I wonder if this might also be related to the fact that Haxe targets different platforms, which may not be able to enforce and unreachable private member at runtime – the current model, hidden but technically still available, probably makes it less complicated. For my own purposes, this model (especially with @:allow) solves the problems I used to solve with private namespaces for engine internal code

In my opinion, that is a frustrating workaround to have to type that over and over for fields that you don’t want accessing outside of your intended scope. In C#, for example (I don’t know how the hxcs library works), you have access modifiers which are: public, private, protected, internal, and sealed (sealed only works on classes). Obviously if you want specific target language functionality, then you might as well just program in that language instead of Haxe, as the Haxe meta-“functions” are an unnecessary bloat and makes code hard to read after a while.

I suppose it just depends on the kind of thing you’re working on, but I can’t imagine trying to create a web server using Haxe having php, java and c# (asp.net) targets. Not only would you need a lot of abstraction and compiler conditionals, but a good understanding of each of those targets so that you can understand how to build your Haxe application.

Now this takes me to a question that is off-topic, but I’m going to ask it anyway… Is the aim of the Haxe language to essentially remove the need to learn so many languages and take away the burden of needing to learn them, or does it have some other aim that I have not heard of yet?

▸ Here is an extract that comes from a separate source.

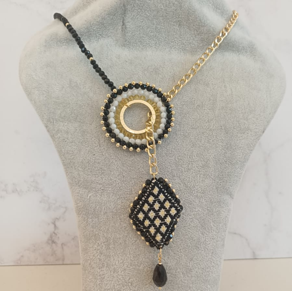 Collar largo en cadena de aluminio en chapa de oro y cristales en tono amarillo ligero, dorado, blanco y negro. Como pieza principal, un dije Diseñado en forma circular en cristales y un dije en forma de rombo bordado en tonalidad negro y amarillo.

From what I can tell, learning Haxe is easy, but understanding how to build something for a particular target language is difficult to master as you may still require knowledge of that language. The Haxe core API does take away some of the most tedious of tasks, such as IO and XML/JSON parsing, but for things specific to a particular problem - like a web server, or even a GUI abstraction kit for Windows .NET/Mono or Qt - it seems the solution is to know all of those environments and languages to understand how they work.

I was thinking of using threejs and then saw a library for it in Haxe, but considering it’s just an extern and nothing more, I might as well just use JavaScript at that point. OpenFL, which I have used up to this point and will continue to use, I am using because it genuinely takes away a lot of the burden of learning so much, which is why I like using OpenFL.

A lot of Haxe libraries, from what I can tell, are just externs for one target language, which in my opinion is completely useless. I think more libraries like OpenFL need to come out to make things like web development easier, application GUI developer, database server development, etc. That’s where Haxe shines.

Now going back to the topic on-hand, I realise there are ways in which you can force the compiler to say “don’t make this class available to the public, I want it internal”, but that encourages ugly code with insane conditionals.

I wonder how you can organise your code so that the target languages that you intend to build on do not interfere with existing code bases which target other languages that do not support the former. For instance, you can have a code base for a web server that is designed for ecommerce, and you have multiple clients that use different technologies, One PHP, one C#. You can easily compile your codebase into that target language, but then one language doesn’t understand protected and the other doesn’t understand partial classes. The solution? Wrap compiler conditionals around everything until it works, wrap additional accessor methods around those functions that will work in one language but not the other.

I can’t imagine how infuriating that would be.

I agree, I think that the promise of Haxe really shines when you take the time to build a library that (in a reasonable fashion) takes the burden of environmental differences and binds them together. That, I think, is why they have communicated Haxe as a “cross-platform toolkit” – it provides us the tools we need to make OpenFL great, and C++/HTML5/Java/whatever targeting from the same codebase possible :wink:

I think Haxe is consistent in how it handles private, it’s a compile-time, not a runtime feature.